Knowing her popularity among the Muslims, her colleagues  used make fun of her to contest for Panchayat elections. Had she taken to electoral politics,  ‘they will get divided into parties. Divided we fall, United, we stand’. Her mission was uniting them for education. She couldn’t afford to divide them lest they may leave learning.

“Such things happen” is the political statement on horrific Nithari killings. Tapati’s departure  too shall be trivialized. For masters, she was one of the billion Indians, and one of lakhs of voters. How would they ever understand the pain of losing the one and only one – the wife, the mother and the only Tapatidi who brought the underprivileged children from the minority community from darkness to light!!

Politicians and ministers have  major things to attend; how can they afford to attend to such minor matters?  

Tapati served for 35 years to retire  with  service benefit that fetched her a paltry sum of Rs. 2200  per month. Imagine, she  contributed all that she had to the country, to the society, to the community to be treated with contempt of poverty and lack of  care.

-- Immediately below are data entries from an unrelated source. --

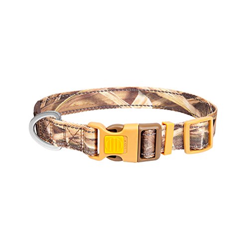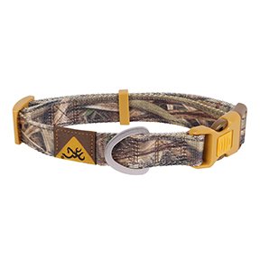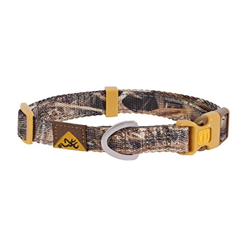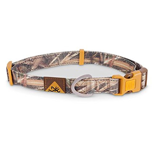 Studio : SPG Outdoors Publisher : SPG Outdoors Binding : Misc. Product Description Durable, simple and secure with a dose of pink camouflage style, the Browning Classic Adjustable Camouflage Nylon Webbing Dog Collar is the perfect way to give your lady canine a touch of Browning's hunting heritage. Made with tough nylon webbing that's sewn with reflective stitching for low-light visibility, this collar also features Mossy Oak Blades camo and a locking buckle for added security. The adjustable design fits a range of neck sizes, and the sewn-in metal D-ring offers a secure attachment point for a leash. 0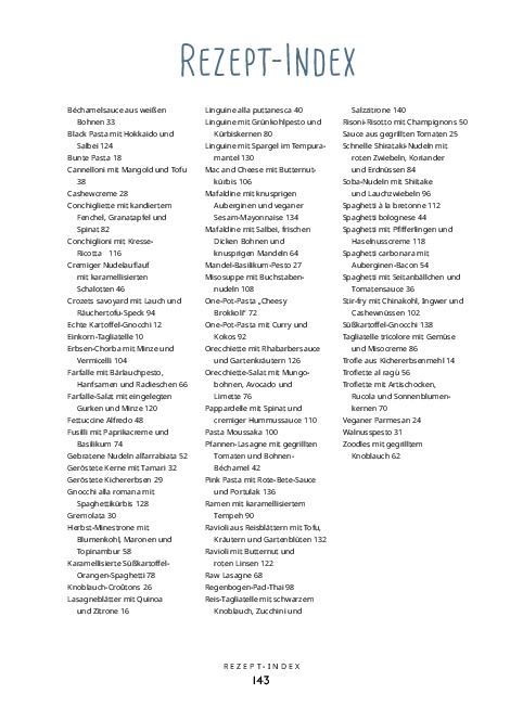 Im Rezeptteil lassen einem die leckeren Food-Fotos und Rezepte das Wasser im Mund zusammenlaufen: Süßkartoffel-Spaghetti mit karamellisierten Orangen, feurig scharfe Udon-Nudeln, Black Pasta mit Hokkaido und Salbei oder Conchiglioni mit Brunnenkresse-Ricotta. Dieses Buch ist eine Liebeserklärung an die Pasta und die italienische Küche. Die wunderbaren und ausgefallenen Nudel-Rezepte bringen Abwechslung in den Speiseplan - übrigens auch für alle, bei denen bisher keine Pasta ohne Fleisch, Sahne, Käse oder Butter auf den Tisch kam. Achtung - Suchtgefahr!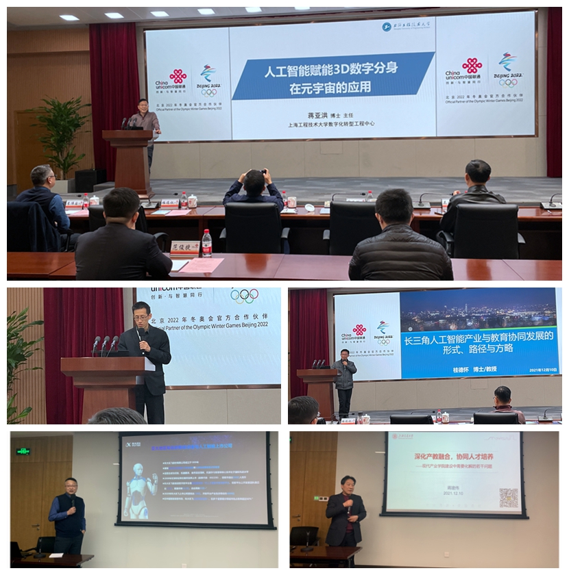 在本次论坛的专家报告环节,上海工程技术大学数字化转型工程中心主任蒋亚洪博士分享了《人工智能赋能3D数字分身在元宇宙的应用》、上海联通智能制造事业部技术总监沈洲博士分享了《5G赋能,智联未来,基于场景的产业数字化转型探索及需求分析》、诺基亚贝尔公司桂德怀教授分享了《长三角人工智能产业与教育协同发展的形式、路径与方略》、科大讯飞咨询总监李伟国分享了《新一代数字经济背景下的产业学院建设思路》、上海交通大学蒋建伟教授分享了《深化产教融合,促进协同育人——现代产业学院建设中需要化解的若干问题》。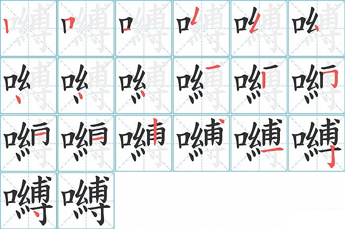 嚩是左右结构,嚩的部首是“口”,部外笔画16画,总笔画19画,嚩的笔画顺序是“竖、横折、横、撇折、撇折、点、点、点、点、横、竖、横折、横、横、竖、点、横、竖钩、点”。看看“嚩”字什么意思 >>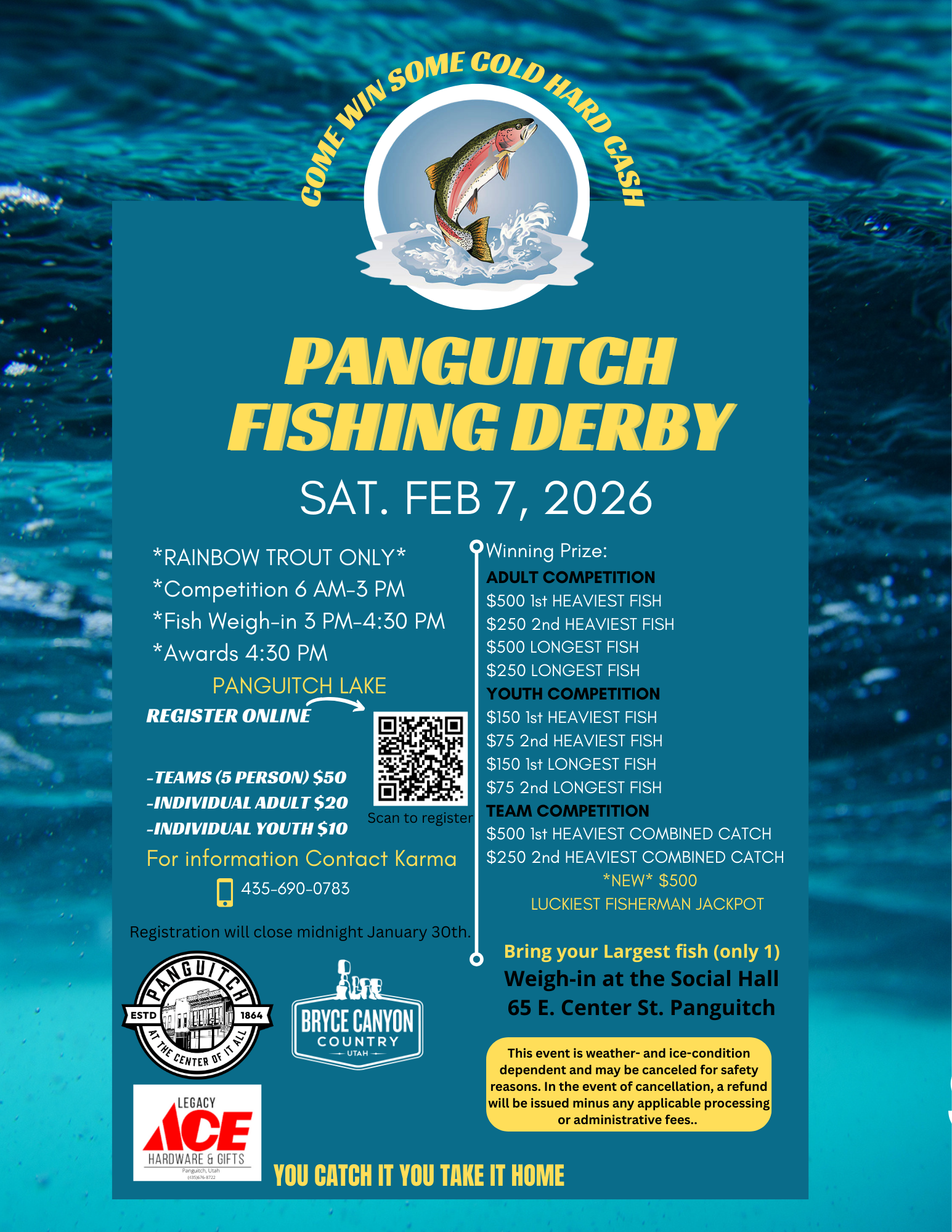 Enjoy a days of ice fishing fun at Panguitch Lake! Fishing starts at 6 am Saturday February 7, 2026, and goes to 3:00 PM. Then you bring your biggest fish (only one) to the Social Hall 65 E. Center St. in Panguitch from 3:00 PM- 4:30 PM for weight-ins. Only rainbow trout will be allowed!! Registration ends at midnight January 30, 2026.

Undaunted by the social and economic deprivation, her stubborn daughters  decided that they  will not allow their mother to  remain unknown. Two daughters, Parnashree and Tanushree, were the nominees to her small  savings. They decided  not to   use  the money their mother  saved for them. They decided to contribute the entire amount to the village girls’ primary school that Tapati served till a few years ago.  This amount will be used to develop a science lab for the primary school children; Tapati loved children, so does her husband. He is working to survive her memory with  a children’s park.

The powerful governments could not  take care of basic needs of its  citizens,  save their  lives or create  opportunities to save the lives  in the villages. Poor husband and daughters could not save her either; they have dedicated all they have  to save her name from fading out.